Well first of all for those of you that care I apologise for not posting for over a month. Unfortunately real life has been in the way, nothing serious just “admin”.
However whilst I have been away the world of British watches has not stood still, there is an increasing stream of interesting content to read, watch or listen to. In particular watch podcasts are appearing with increasing regularity.
One person that has already been the subject of a very listenable Time4apint podcast is Nicholas Bowman-Scargill of Fears. The latest Fears newsletter flagged another interview this time by the gentlemen of the Wrist Time podcast.
This is really worth a listen, Nicholas’s passion and enthusiasm really comes through, also that of interviewers.
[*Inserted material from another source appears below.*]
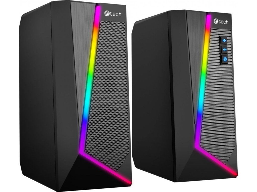Stolní PC reproduktory C-tech SPK-17 s elegantním designem a decentním RGB osvětlením se stanou stylovým doplňkem každého pracovního stolu. Díky 40mm měničům s širokým frekvenčním rozsahem dopřejí vašim uším velmi kvalitní reprodukci. RGB osvětlení disponuje 6 různými světelnými režimy, které vám zaručí originální vizuální zážitky. Volba režimu je velmi jednoduchá a to dotykem na horní ploše řídícího reproduktoru. Reproduktory připojíte k počítači pomocí 3,5mm audio kabelu a nemusíte si dělat starosti ani s přídavným napájením, protože reproduktory C-tech SPK-17 jsou napájené přímo z USB vašeho počítače a tak se Vám automaticky spustí či vypnou společně s počítačem či notebookem. K ovládání hlasitosti poslouží tlačítka nacházející se na jednom z reproduktorů. Společně s ovládáním hlasitosti, je možno stiskem dalšího tlačítka vypnout RGB podsvětlení reproduktoru.

Be careful though, his sentiments are contagious, so you might finish the podcast with a strong need to buy one of his Brunswick watches.
I was very happy, after a couple of not too subtle hints, to be offered my second Schofield watch to review, the Daymark Dark. Unfortunately due to a lack of communication the watch sat in reception of my office for a few days.
However, on opening the outer packaging the first impression you get of this watch is a lovely smell of wood from the beautifully detailed wooden box.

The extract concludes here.